Genau, das Material wäre da. Aber das müsste für die kriminologische Forschung aufbereitet werden. Das ist auch das, was wir in der Schweiz und einigen anderen europäischen Ländern machen. Wir nehmen die Akten jedes Falls und erfassen Informationen systematisch in einer eigenen Datenbank: zu den Tätern, den Opfern, dem Tathergang und der Vorgeschichte, zur Motivation des Täters oder der Täterin. Kam es zu einer Verurteilung – und zu welcher?

Wird denn da auch geschaut, wie es nach einer Entlassung mit den Tätern weitergeht?

Nein, nur bis zum rechtskräftigen Urteil. Es wäre aber ein spannender Aspekt, den man auch anschauen könnte: Begehen die dann wieder Delikte oder nicht? Das wäre dann ein zweiter Teil. Aber derzeit schauen wir bis zur Rechtskraft des Urteils.

Was erhoffen Sie sich denn von so einer systematischen Aufarbeitung? Welche Erkenntnisse wollen Sie daraus ziehen?

Es geht beispielsweise darum, Risikofaktoren zu identifizieren. Wenn wir 100, 200 oder 1000 Tötungsdelikte untersuchen, sehen wir Gemeinsamkeiten. Das sind alles Informationen, die uns dann helfen können, solche Taten zu verhindern.

Unsere Datenbank beinhaltet Tötungsdelikte ab 1990 und wir aktualisieren sie laufend. In der Schweiz gibt es vergleichsweise wenig Tötungsdelikte, etwa 40 pro Jahr. Das entspricht etwa 0,5 vollendeten Taten je 100.000 Einwohner. Von den rund 40 Taten sind etwa 40 Prozent Partnertötungen, oft mit Schusswaffen. Da fragen wir dann: Liegt das nur daran, dass viele Schusswaffen im Haus haben? Oder gibt es andere Risikofaktoren, die wir anschauen müssen?

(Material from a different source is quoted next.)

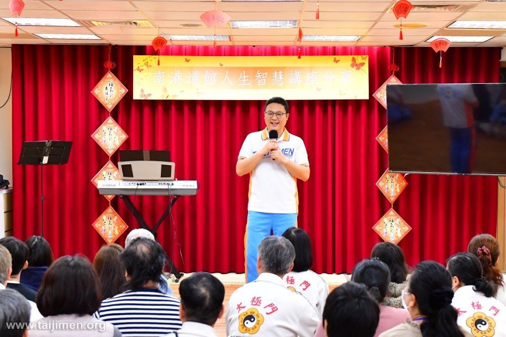 有許多成長的故事,只要心懷感恩、學會轉念,就能克服困境,迎向光明。他讚許肖碧葉師姊有正向的心態,這心境的轉換正是太極門精神的體現——相互支持、相互關心,每個人都能在困境中找到力量,在挑戰中找到希望。他強調太極門不只是修練的道場,更是一個溫馨的大家庭。

Wir haben festgestellt, dass die Trennungsphasen für die Frauen sehr gefährlich sind und sie da Schutz brauchen, vor allem, wenn es vorher Drohungen oder häusliche Gewalt gab. Das kann in die Prävention einfließen: bei der Betreuung, bei der Aufklärung, bei der Arbeit der Polizei. Bestenfalls können so Tötungsdelikte verhindert werden.

Wie groß ist denn der Aufwand, diese Daten systematisch zu erfassen? Und was wäre der Vorteil, wenn auch Deutschland einen solchen „Homicide-Monitor“ einführen würde?

Wir führen in der Schweiz neu ein System ein, dass uns die Staatsanwaltschaften einmal pro Jahr auf Nachfrage die Fälle melden, sodass wir laufend aktualisieren können. Da muss man aber in alle Akten schauen und dann nach einem einheitlichen Kodierverfahren die Daten erfassen. Das dauert mehrere Stunden pro vollendetem Tötungsdelikt. Selbst wenn die Erfassung über Spracherkennungssoftware oder KI vereinfacht werden könnte, bleibt es aufwendig.

Aber hätten wir einheitliche Daten aus verschiedenen Ländern, könnten wir vergleichen. Und herausfinden, ob es unterschiedliche Risikofaktoren in den verschiedenen Ländern gibt.